A study published online Dec. 22 in the New England Journal of Medicine has identified an important gene deletion in up to one of every four
A study published online Dec. 22 in the New England Journal of Medicine has identified an important gene deletion in up to one of every four cases of glioblastoma, the most common adult brain cancer. This deletion contributes to tumor development, promotes resistance to therapy and considerably worsens a patient’s survival prospects.

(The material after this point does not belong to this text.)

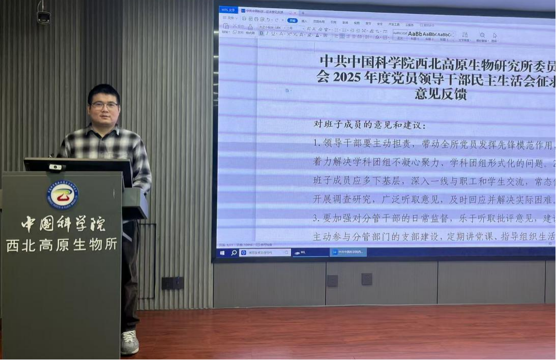 組織委員劉博向全體參會人員通報《中共中國科學院西北高原生物研究所委員會2025年度黨員領(lǐng)導干部民主生活會征求意見反饋》的情況。預備黨員唐有林,發(fā)展對象盧露、孟頤新、李霞、李子雁,入黨積極分子吳玥、宋枚汐依次匯報了本季度思想動態(tài)、學習進展及工作成效。

The deletion of the gene, known as NFKBIA, triggers biochemical processes similar to those resulting from a better-known aberration common in glioblastomas: alteration of the epidermal growth factor receptor, or EGFR. That both defects produce the same outcome may help explain why efforts to treat the disease by targeting only one aberration have faltered.
“Glioblastoma is the most malignant type of brain tumor,” said Griffith Harsh , MD, professor of neurosurgery at the Stanford University School of Medicine and the study’s senior author. Untreated, patients usually survive fewer than six months after diagnosis. After surgical excision, tumors often regrow rapidly. Radiation and temozolomide, a chemotherapeutic agent, can prolong survival, but not by much. These treatments extend median survival to perhaps 18 months.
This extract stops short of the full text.